■ **Required action**
Return the records as they stand. No picture is to be included.

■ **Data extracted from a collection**
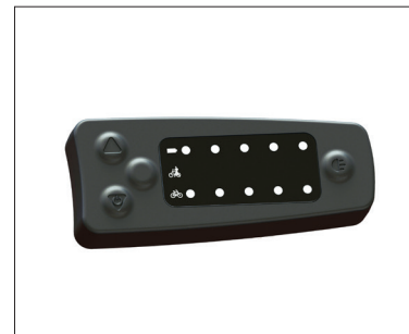
5 LED w/walk assist, light
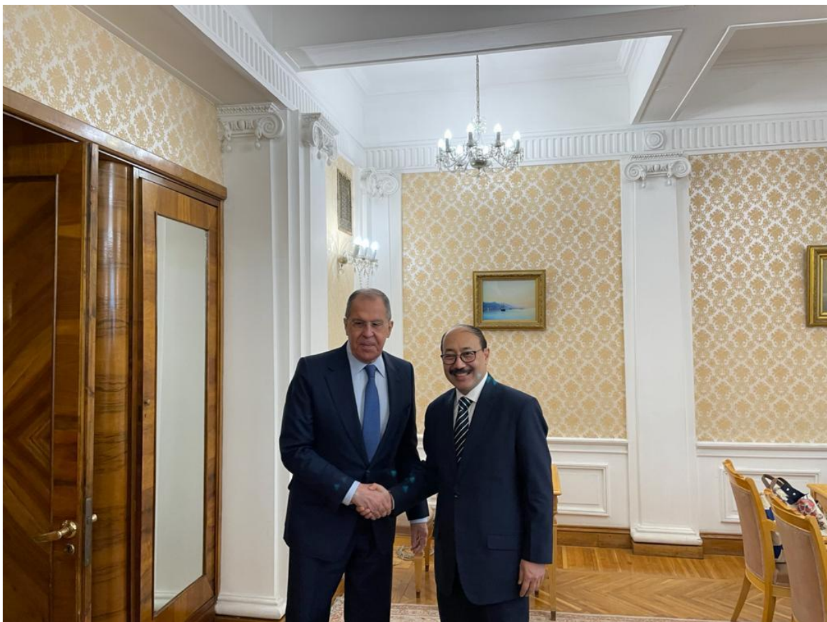
Indian Foreign Secretary Harsh Vardhan Shringla called on Russian Foreign Minister Sergei Lavrov in Moscow on February 17, 2021.

India's Foreign Secretary (FS) Harsh Vardhan Shringla travelled to Moscow on February 16-18 for a series of bilateral meetings with high level officials from the Russian Foreign Ministry, including Foreign Minister Sergei Lavrov and Deputy Minister of Foreign Affairs Igor Mogulov. 190 During the visit, the FS discussed a wide range of issues such as enhanced India-Russia co-ordination on various international platforms, closer co-operation on counter-terrorism, strengthening business/economic linkages with specific reference to liquefied natural gas (LNG), coking coal for Indian steel sector, and new technologies. 191 The FS also delivered a lecture at the Russia Academy of Diplomacy and interacted with members from academia. A week earlier, the Russian Embassy in New Delhi had announced that India and Russia have finalised an 'air bubble' agreement , which came into effect on February 12, and will allow certain international passenger flights to enter the territories of the two countries. 192
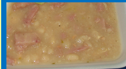
Ham & White Beans
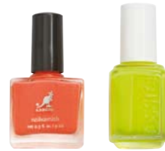
Funky Limelight Nail varnish, R89 , Essie available from selected Dischem stores, Shanghai Sunrise nail varnish, R49 , Kangol exclusive to Truworths stores
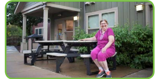
One of the residents of Movin' Out.

other than in their family's home or in a group setting. However, when a person has the support to succeed, many people thrive and gain more skills because of their new living situation.
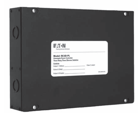
Model RC3D-PL Shown
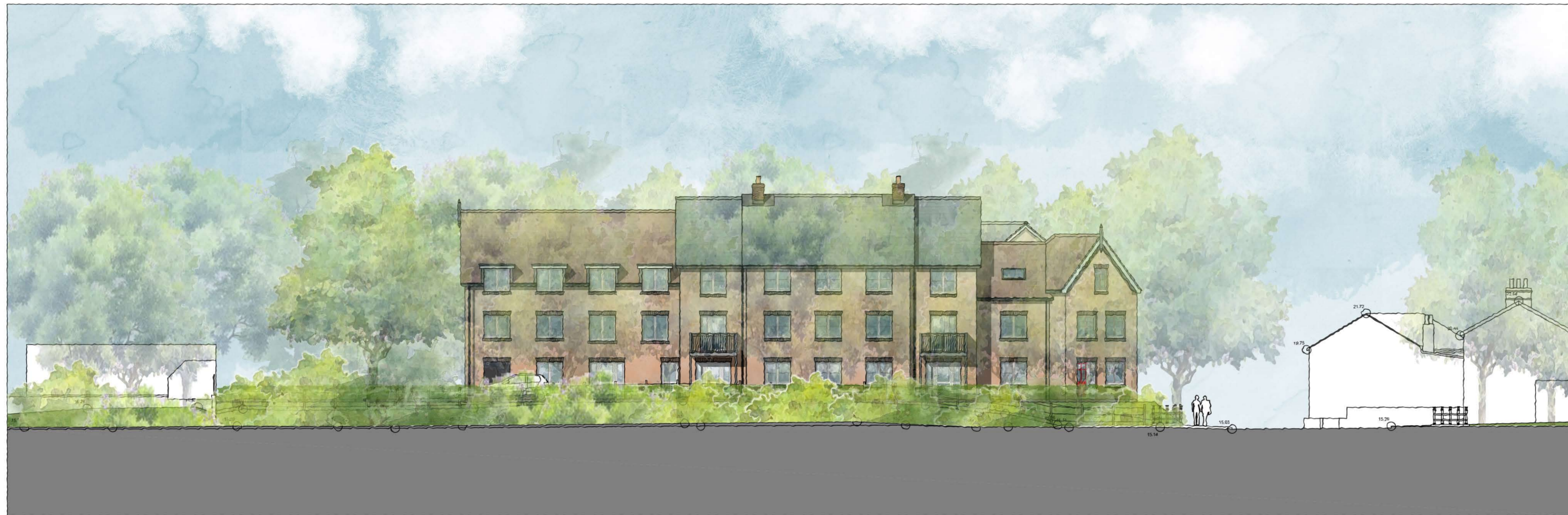
Bypass Road A27 Contextual Elevation
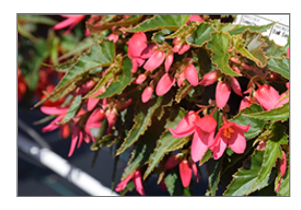
Mistral Pink Begonia flowers
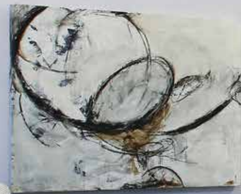
TETRA CORPORATE SERVICES
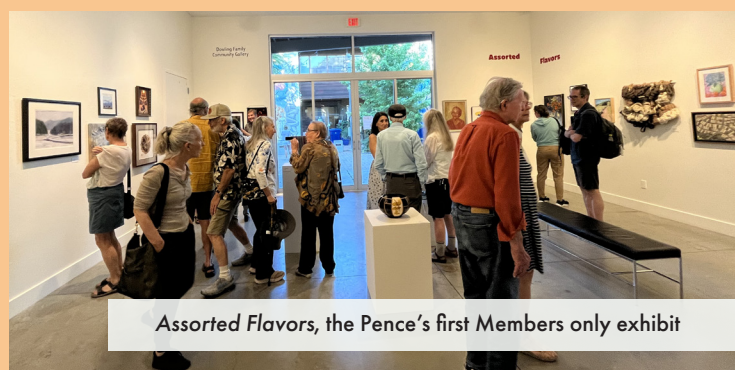
Assorted Flavors, the Pence's first Members only exhibit
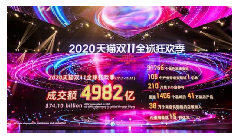
Despite the pandemic, China is still spending. This year's Singles' Day Shopping Festival broke many records and featured roughly 200 luxury brands.

Singles' Day in China has grown to become the largest shopping day in the world. The annual shopping event in 2019 surpassed the four-day shopping week from Black Friday to Cyber Monday by nearly $40 billion.
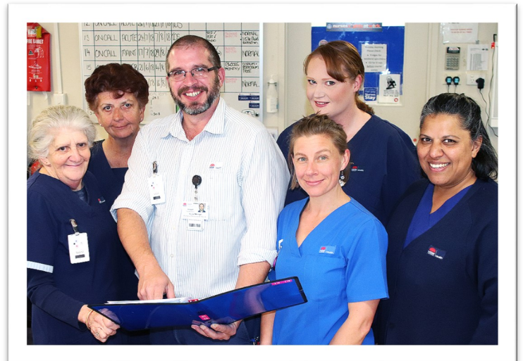
Some of our fantastic staff at Braidwood Multipurpose Service.

www.mps.health.nsw.gov.au/Projects/Braidwood
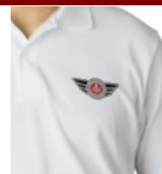
White polo shirt with red MCR logo
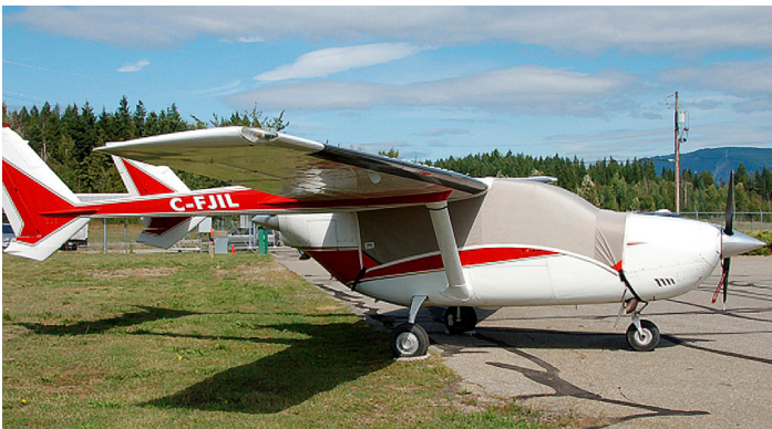
Cessna 337 Skymaster Canopy Cover w/ 14" bib ext.

This cover type is made from Silver Acrylic Sunbrella canvas and is 100% lined with a soft and smooth microfiber. Bruce's Custom Covers developed this material combination especially for aircraft protection. The outer material is medium weight and treated for water resistance, UV resistance and anti-static buildup. The inner lining is a very soft and smooth microfiber to prevent scratching. The material is very reflective, and tests show that the cabin interior temperature can be reduced to near-ambient temperature on the hottest of days. It is water, ice and snow repellent, yet breathable to allow moisture to escape from between the cover and the aircraft surface.

■ **Answer box**
5 LED w/walk assist, light
Indian Foreign Secretary Harsh Vardhan Shringla called on Russian Foreign Minister Sergei Lavrov in Moscow on February 17, 2021.

India's Foreign Secretary (FS) Harsh Vardhan Shringla travelled to Moscow on February 16-18 for a series of bilateral meetings with high level officials from the Russian Foreign Ministry, including Foreign Minister Sergei Lavrov and Deputy Minister of Foreign Affairs Igor Mogulov. 190 During the visit, the FS discussed a wide range of issues such as enhanced India-Russia co-ordination on various international platforms, closer co-operation on counter-terrorism, strengthening business/economic linkages with specific reference to liquefied natural gas (LNG), coking coal for Indian steel sector, and new technologies. 191 The FS also delivered a lecture at the Russia Academy of Diplomacy and interacted with members from academia. A week earlier, the Russian Embassy in New Delhi had announced that India and Russia have finalised an 'air bubble' agreement , which came into effect on February 12, and will allow certain international passenger flights to enter the territories of the two countries. 192
Ham & White Beans
Funky Limelight Nail varnish, R89 , Essie available from selected Dischem stores, Shanghai Sunrise nail varnish, R49 , Kangol exclusive to Truworths stores
One of the residents of Movin' Out.

other than in their family's home or in a group setting. However, when a person has the support to succeed, many people thrive and gain more skills because of their new living situation.
Model RC3D-PL Shown
Bypass Road A27 Contextual Elevation
Mistral Pink Begonia flowers
TETRA CORPORATE SERVICES
Assorted Flavors, the Pence's first Members only exhibit
Despite the pandemic, China is still spending. This year's Singles' Day Shopping Festival broke many records and featured roughly 200 luxury brands.

Singles' Day in China has grown to become the largest shopping day in the world. The annual shopping event in 2019 surpassed the four-day shopping week from Black Friday to Cyber Monday by nearly $40 billion.
Some of our fantastic staff at Braidwood Multipurpose Service.

www.mps.health.nsw.gov.au/Projects/Braidwood
White polo shirt with red MCR logo
Cessna 337 Skymaster Canopy Cover w/ 14" bib ext.

This cover type is made from Silver Acrylic Sunbrella canvas and is 100% lined with a soft and smooth microfiber. Bruce's Custom Covers developed this material combination especially for aircraft protection. The outer material is medium weight and treated for water resistance, UV resistance and anti-static buildup. The inner lining is a very soft and smooth microfiber to prevent scratching. The material is very reflective, and tests show that the cabin interior temperature can be reduced to near-ambient temperature on the hottest of days. It is water, ice and snow repellent, yet breathable to allow moisture to escape from between the cover and the aircraft surface.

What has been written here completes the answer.